Phosphate does not interfere with the metal recognition process. Imidazole can and it is added in low concentration to reduce binding of undesired proteins.

I am not sure if the size difference of 1kD for the His-tag is visible during SDS-Page. Alternatively you can do a Western blot using His antibodies. Now, with how many volumes of wash buffer (with 20mM imidazole) did you wash the His trap column? The cleaved protein (without His tag) will bind non-specifically to the resin and you need to wash with 20mM imidazole buffer. If this step is too short you will see cleaved protein in the elution step (with 250mM imidazole). Do you have a Nanodrop machine in the lab? I would check the A280nm (total protein) until you have a very low absorption during the 20mM imidazole wash step (just blank against 20mM imidazole buffer). When the A280nm is down, elute with 250mM imidazole buffer. Analyze via SDS-Page/Western blot.

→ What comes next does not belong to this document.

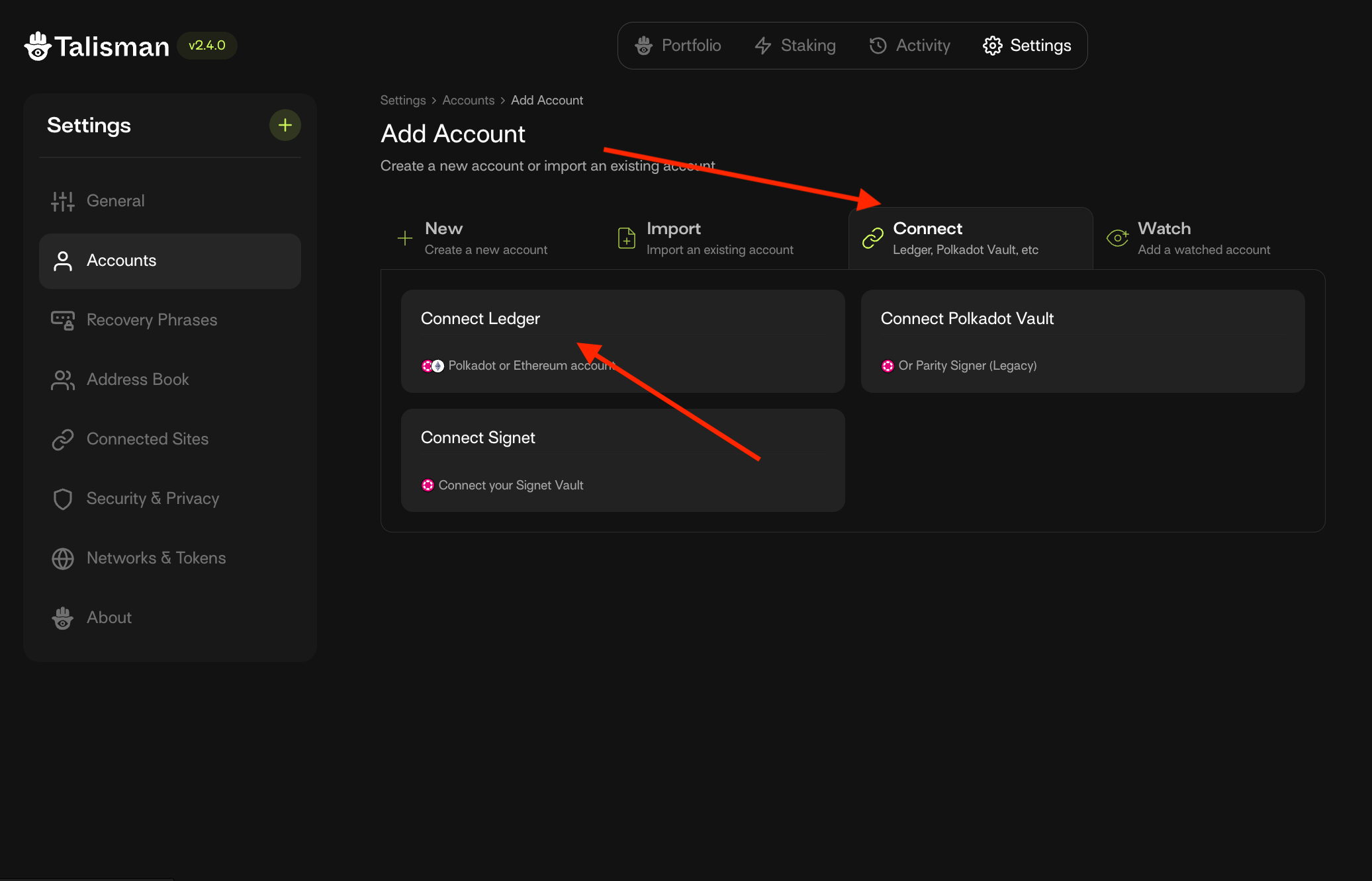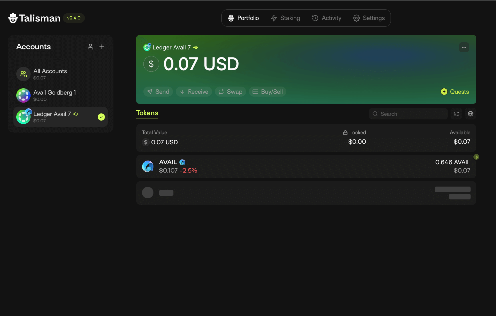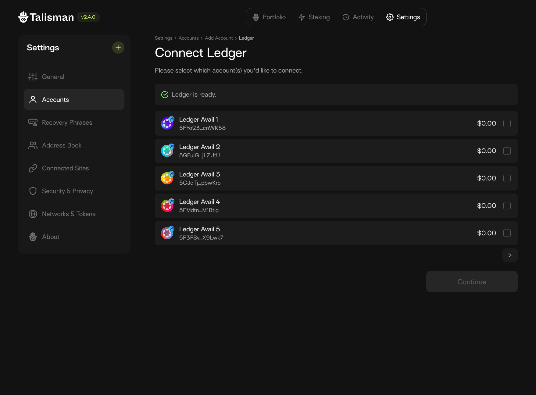 If you have set up your ledger device and want to use it through a dedicated Avail wallet, this section is for you. We have included instructions for connecting a ledger account with Subwallet & Talisman, but the process is similar for other wallets.

The concentration of imidazole in the column equilibration buffer, the sample and the wash buffer is critical and may depend on the protein. Too litte imidazole, and the de-tagged protein may bind non specifically to the resin, resulting in poor yield; too much, and the non-detagged protein will elute together with the processed protein. From what you report, it sounds like the de-tagged protein bound to the resin, owing to the absence of imidazole in the PBS buffer used for loading, and that it was then eluted with the wash buffer containing 20 mM imidazole. What came out with 250 mM imidazole is probably unprocessed protein.

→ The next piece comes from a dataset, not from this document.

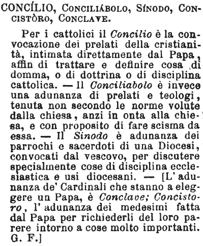 Concilio, Conciliabolo, Sinodo, Concistoro, Conclave - Per i cattolici il Concilio è la convocazione dei prelati della cristianità, intimata direttamente dal Papa, affin di trattare e definire cosa di domma, o di dottrina o di disciplina cattolica. - Il Conciliabolo è invece una adunanza di prelati e teologi, tenuta non secondo le norme volute dalla chiesa, anzi in onta alla chiesa, e con proposito di fare scisma da essa. - Il Sinodo è adunanza dei parrochi e sacerdoti di una Diocesi, convocati dal vescovo, per discutere specialmente cose di disciplina ecclesiastica e usi diocesani. - [L'adunanza de' Cardinali che stanno a eleggere un Papa, è Conclave; Concistoro, l'adunanza dei medesimi fatta dal Papa per richiederli del loro parere intorno a cose molto importanti. G. F.] [immagine]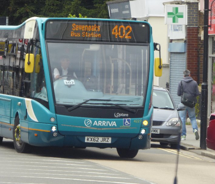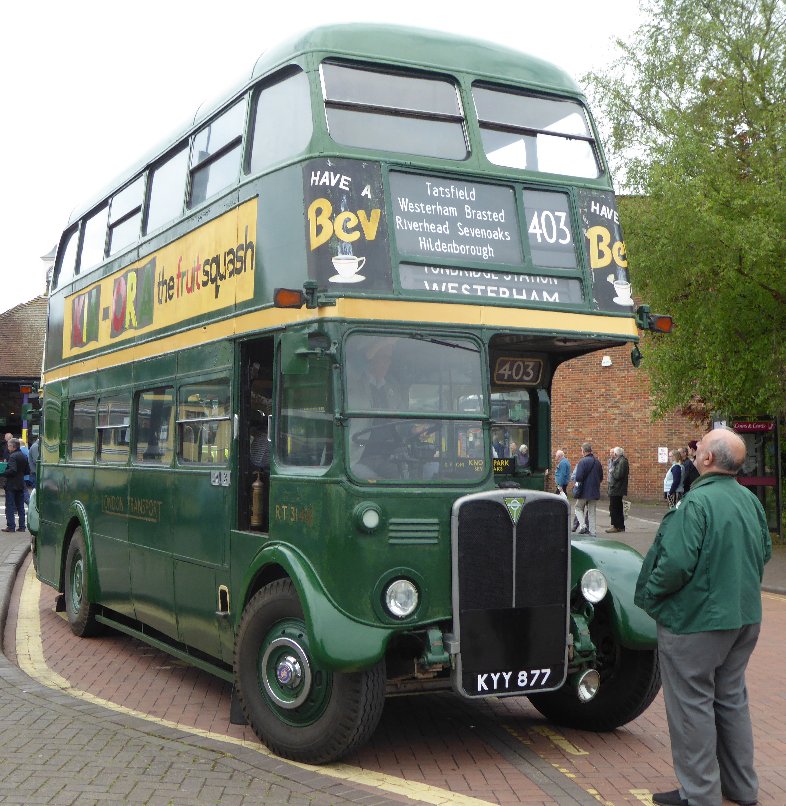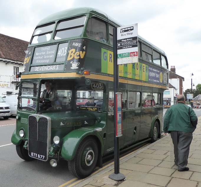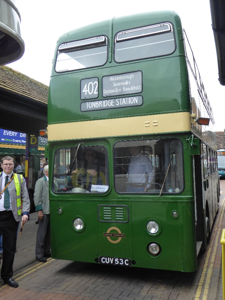 RT3148: 403: Tonbridge - WesterhamWe had a substantial layover at Tonbridge Station: John is good at travelling fast without stretching the speed limits, and RT3148 is a goer. It was long enough for Arriva 3523, that we had seen at Sevenoaks, to catch up.We set off northwards, very soon meeting Streetlite 1657 in eco-green livery on a 218 to Tunbridge Wells Hospital. We climbed up through the town, and forked left towards Hildenborough. We met RF28 rolling into Tonbridge on a GreenLine 704 working. We climbed gently up through Hildenborough, meeting southbound RT604, looking good in its spring green livery. Then it was round the big roundabout at the foot of River Hill, and the long slow grind up the hill. First gear in places. But we reached the top and passed the local short-working terminus of The White Hart for the rumble onwards into town. At the bus station there were several backsides: RF600 was in front of us in our bay, loading for a 421 to Heaverham, and Brighton, Hove & District open-topper CAP229 was in the other, working local tours. There were also fronts on view too: XF3 was on a Tonbridge-bound 402, and RT3183 was back from Westerham on the 403, also bound for Tonbridge Station. But we could not stay long: we were on a through working to Westerham. So we rejoined RT3148 for the onward journey... We headed north to the War Memorial, then down St Botolphs Road to Sevenoaks Station. We went on over the bumps towards Riverhead. RT1798 caught me by surprise, so I only managed to grab a photo of half of it! But I was ready for RF271 on a Sevenoaks-bound 705 as we approached Riverhead. We turned left onto the A25, and climbed gently up through Bessells Green. We rolled alongside the M25/A21 junction briefly, then continued westwards through Sundridge and Brasted. The huge chestnut tree in Brasted was at its spring best. It did not take long before we reached the Edenbridge turn-off at the foot of Westerham. We turned uphill past the Green, with its statures of Wolfe and Churchill, to terminate outside The Kings Arms.

If your protein is ≤ 50-60 kDa, you should be able to separate the processed polypeptide from the original tagged protein on SDS-PAGE, even if they differ only by 1 kDa. I would load the unprocessed protein next to the processing mixture and to the separate fraction from the Talon column, taking care of not loading too much sample in order to get good resolution. This way, you should be able to tell what are the species you are dealing with and how they bind to your Talon column.